■ EXERCISE OBJECTIVE
Exclude the pictures and reproduce the remaining data exactly as written.

■ RECORDED DATA
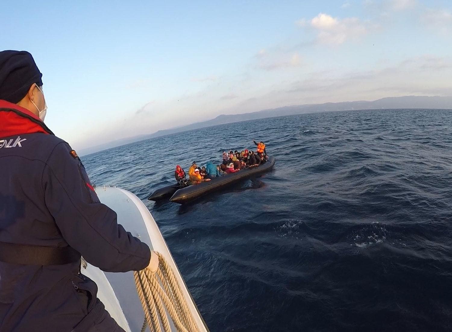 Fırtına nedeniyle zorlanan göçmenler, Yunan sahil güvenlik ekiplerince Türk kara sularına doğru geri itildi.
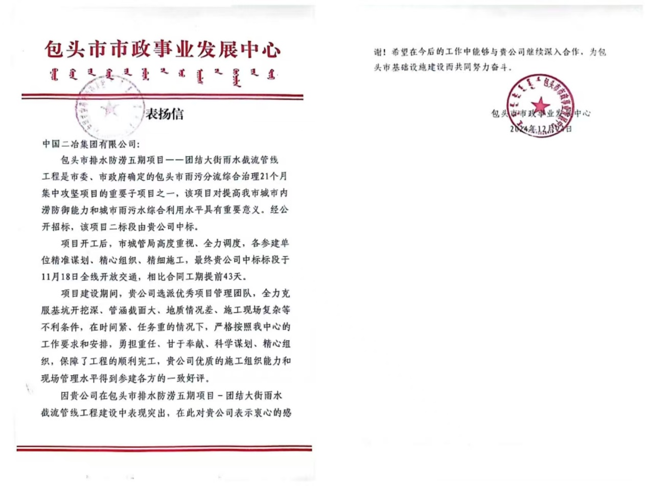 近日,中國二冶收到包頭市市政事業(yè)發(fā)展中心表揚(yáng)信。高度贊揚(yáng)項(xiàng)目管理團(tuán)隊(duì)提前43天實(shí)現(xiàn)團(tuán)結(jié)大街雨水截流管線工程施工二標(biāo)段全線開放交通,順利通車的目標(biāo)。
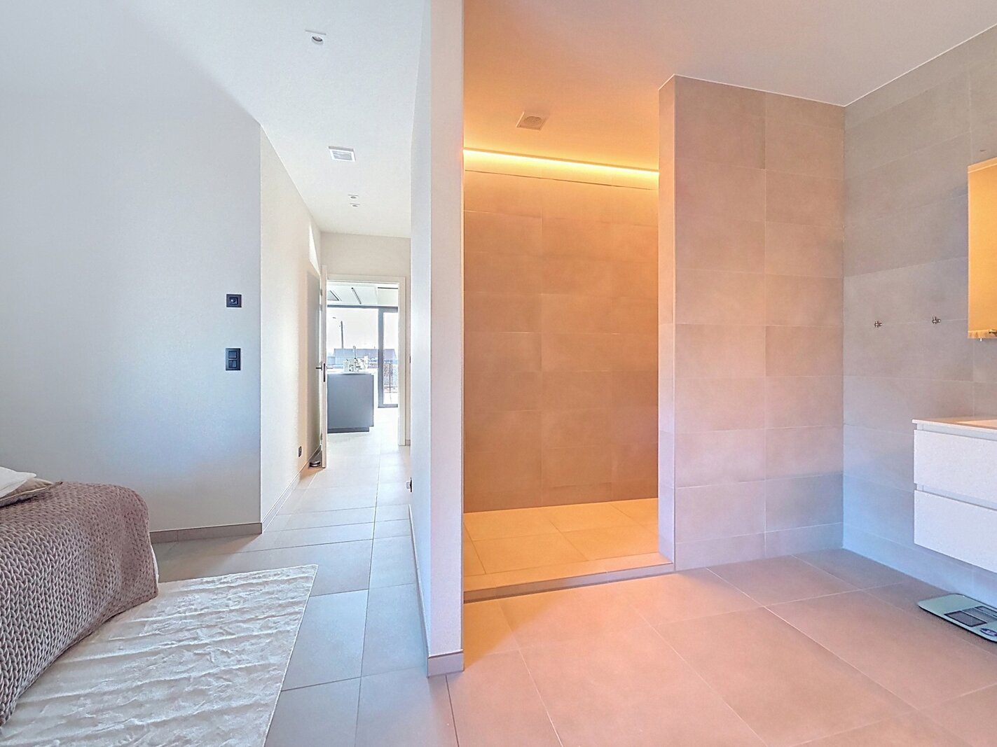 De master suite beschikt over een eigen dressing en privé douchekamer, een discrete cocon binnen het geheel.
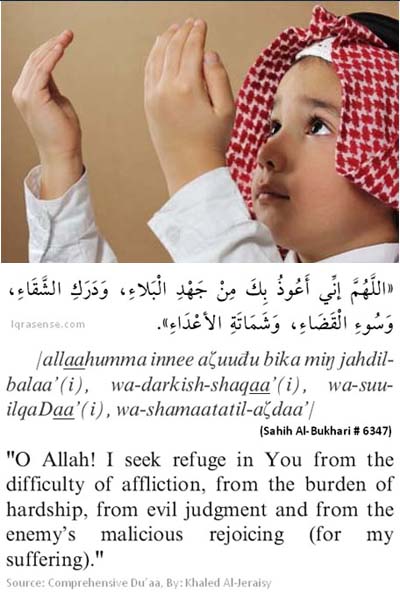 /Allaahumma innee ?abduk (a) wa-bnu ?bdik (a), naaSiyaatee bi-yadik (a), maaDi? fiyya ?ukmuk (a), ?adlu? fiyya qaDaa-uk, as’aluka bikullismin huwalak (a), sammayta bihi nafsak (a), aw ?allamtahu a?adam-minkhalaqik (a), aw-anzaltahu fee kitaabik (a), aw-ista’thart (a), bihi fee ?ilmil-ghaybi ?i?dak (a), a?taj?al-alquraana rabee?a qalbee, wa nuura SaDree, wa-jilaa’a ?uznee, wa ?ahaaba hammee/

■ EXERCISE RESULT
 Fırtına nedeniyle zorlanan göçmenler, Yunan sahil güvenlik ekiplerince Türk kara sularına doğru geri itildi.
 近日,中國二冶收到包頭市市政事業(yè)發(fā)展中心表揚(yáng)信。高度贊揚(yáng)項(xiàng)目管理團(tuán)隊(duì)提前43天實(shí)現(xiàn)團(tuán)結(jié)大街雨水截流管線工程施工二標(biāo)段全線開放交通,順利通車的目標(biāo)。
 De master suite beschikt over een eigen dressing en privé douchekamer, een discrete cocon binnen het geheel.
 /Allaahumma innee ?abduk (a) wa-bnu ?bdik (a), naaSiyaatee bi-yadik (a), maaDi? fiyya ?ukmuk (a), ?adlu? fiyya qaDaa-uk, as’aluka bikullismin huwalak (a), sammayta bihi nafsak (a), aw ?allamtahu a?adam-minkhalaqik (a), aw-anzaltahu fee kitaabik (a), aw-ista’thart (a), bihi fee ?ilmil-ghaybi ?i?dak (a), a?taj?al-alquraana rabee?a qalbee, wa nuura SaDree, wa-jilaa’a ?uznee, wa ?ahaaba hammee/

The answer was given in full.